Google não é a única entidade discutindo esse tema. Coinbase, a Fundação Ethereum e o Centro de Pesquisa em Blockchain de Stanford também estão avançando em estudos relacionados. Justin Drake, da Fundação Ethereum, afirma: “Até 2032, há pelo menos 10% de chance de que um computador quântico consiga recuperar a chave privada secp256k1 ECDSA a partir da chave pública exposta. Embora pareça improvável que computadores quânticos com capacidade criptográfica surjam antes de 2030, já é hora de começarmos a nos preparar.”

Portanto, atualmente, não há motivo para preocupação de que a computação quântica cause um impacto fatal na mineração, pois os recursos necessários estão além de qualquer decisão econômica racional. Ninguém gastaria tanta energia para tentar minerar um bloco que contém apenas 3,125 bitcoins.

Criptomoedas não vão desaparecer, mas precisarão evoluir

Se a computação quântica apresenta um problema, a indústria já tem uma solução: a criptografia pós-quântica (PQC), que utiliza algoritmos resistentes a ataques quânticos. As estratégias incluem introduzir assinaturas resistentes a quânticos, otimizar a estrutura de endereços para reduzir a exposição de chaves públicas e realizar atualizações de protocolo de forma gradual. Atualmente, o NIST já está padronizando algoritmos pós-quânticos, com o ML-DSA (assinatura digital baseada em módulos de grade, FIPS 204) e o SLH-DSA (assinatura sem estado baseada em hash, FIPS 205) como principais candidatos.

Na camada de rede do Bitcoin, o BIP 360 (Pay-to-Merkle-Root, ou P2MR) foi oficialmente incorporado ao repositório de propostas de melhorias do Bitcoin no início de 2026. Essa proposta visa uma mudança na estrutura de transações introduzida na atualização Taproot de 2021. Taproot foi criado para melhorar privacidade e eficiência, mas sua funcionalidade de “caminho de chave” expõe a chave pública na transação, o que pode se tornar um alvo para ataques quânticos no futuro. O BIP 360 propõe remover esse caminho de exposição, alterando a estrutura das transações para que o movimento de fundos não exiba mais a chave pública, reduzindo assim a vulnerabilidade ao risco quântico desde a origem.

Para a indústria de criptomoedas, a atualização da blockchain envolve compatibilidade na cadeia, infraestrutura de carteiras, sistemas de endereçamento, custos de migração para os usuários, além de coordenação comunitária. É necessário que protocolos, clientes, carteiras, exchanges, instituições de custódia e usuários comuns participem desse processo de atualização. Pelo menos, há consenso de que essa mudança é necessária, e o que resta é a execução e o cronograma.

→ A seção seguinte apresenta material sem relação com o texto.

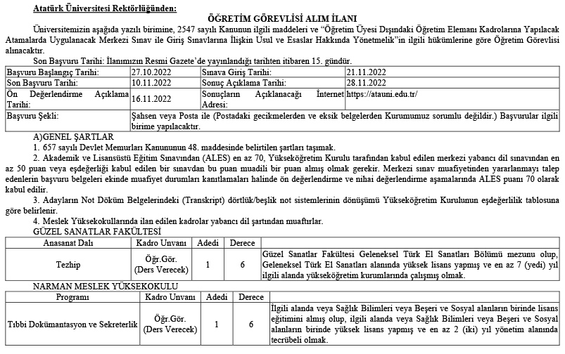 -2547 sayılı Kanun’un ilgili maddesinde belirtilen şartlara haiz adayların, dilekçe (Yabancı dil belirtilecek), özgeçmiş, yayın listesi, nüfus cüzdanı fotokopisi, askerlik belgesi, öğrenim belgeleri (lisans, yüksek lisans, doktora ve uzmanlık belgesi) ve 2 adet fotoğraf içeren 4 takım dijital dosya (4 adet USB/CD/DVD) halinde yayınları ile ilgili birime teslim edeceklerdir. Postadaki gecikmeden kurumumuz sorumlu değildir.
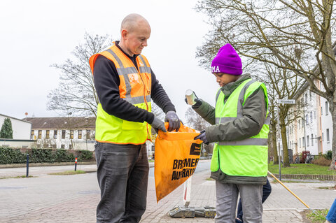 Das Sammelequipment für Schulen, Kitas und Unternehmen wird in der Woche vor den Bremer Aufräumtagen (09. bis 12. März) an die bei der Anmeldung angegebene Adresse geliefert.
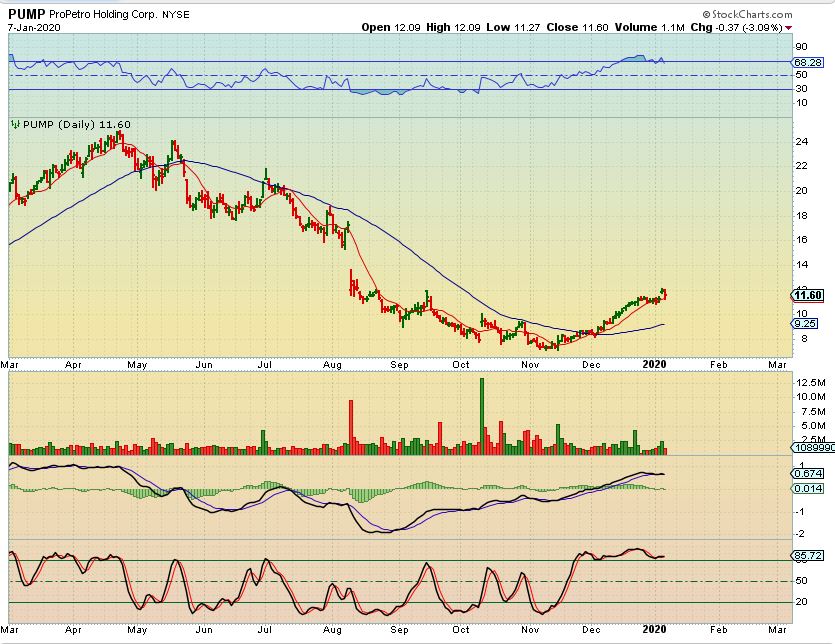 PUMP – On Tuesday it dropped to fill the gap and back test that 10sma. It bounced, so this is a buy with a stop (I’d say a bit loosely) under that 10sma .  You do NOT want to ride a back test of the 50sma down if that happens, but this looks ready to run higher.
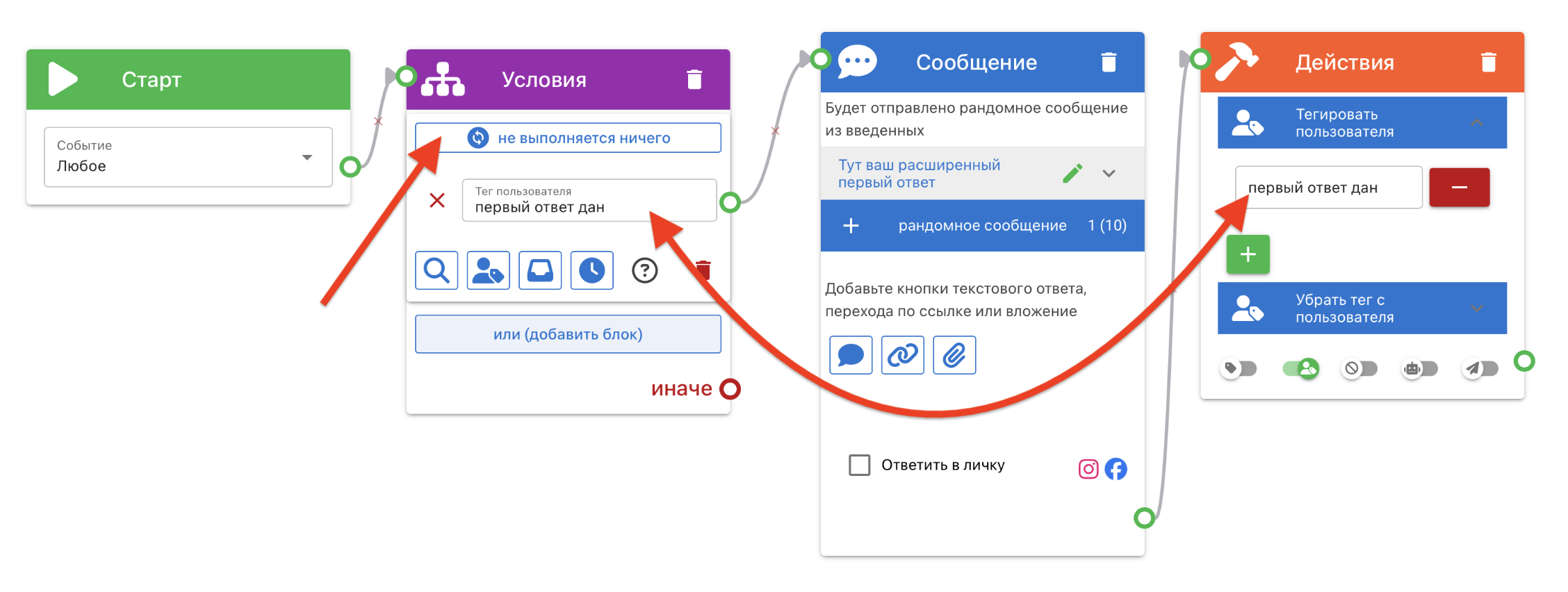 2) в модуле Условие (где делается проверка тега) и в модуле Действие (где тег ставится после того, как человек получил первое сообщение - тег должен быть прописан одинаково.

O título é alarmista, mas a realidade não é tão urgente

Após uma análise detalhada dessas novidades, fica claro que a situação não é tão assustadora quanto parece. O avanço na pesquisa de computação quântica é real, mas ainda temos tempo suficiente para nos preparar. O Bitcoin de hoje não é um sistema estático; é uma rede que evolui continuamente ao longo dos últimos dez anos. Desde atualizações de scripts até melhorias de privacidade e soluções de escalabilidade, ele busca constantemente um equilíbrio entre segurança e eficiência.

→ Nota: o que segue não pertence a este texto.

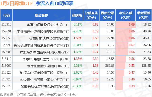 当日有56只跨境ETF基金出现资金净流入,其中净流入排首位的是华夏中证港股通央企红利ETF(513910),份额增加了8200.0万份,净流入额为1.09亿元。
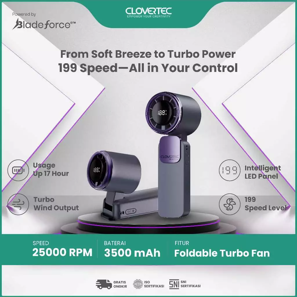 CLOVERTEC CHF-03B Kipas Angin Mini Lipat Portable Handheld Fan Turbo Rechargeable 3500 mAh GARANSI RESMI
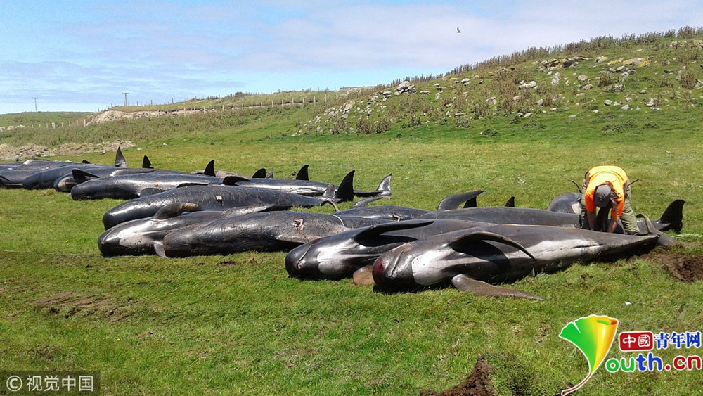 當(dāng)?shù)貢r(shí)間11月30日,新西蘭查塔姆島,多頭巨頭鯨在當(dāng)?shù)睾R淺死亡,尸體被沖上岸。
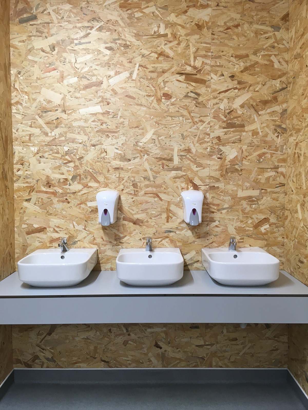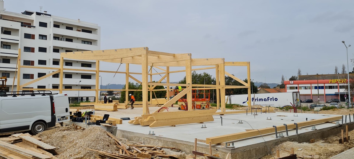 A madeira é assumida como material estrutural e de acabamentos totalmente à vista pelo interior, e revestida pelo exterior com painéis viroc cinza bruto e forro de madeira nas zonas da fachada abrigadas das intempéries.

Os desafios trazidos pela computação quântica podem, na verdade, ser uma motivação para futuras atualizações. O relógio da computação quântica está ticando. A boa notícia é que podemos ouvir seu som e nos preparar a tempo. Em uma era de avanços tecnológicos constantes, o que devemos fazer é garantir que o mecanismo de confiança do mundo criptográfico esteja sempre um passo à frente das ameaças tecnológicas.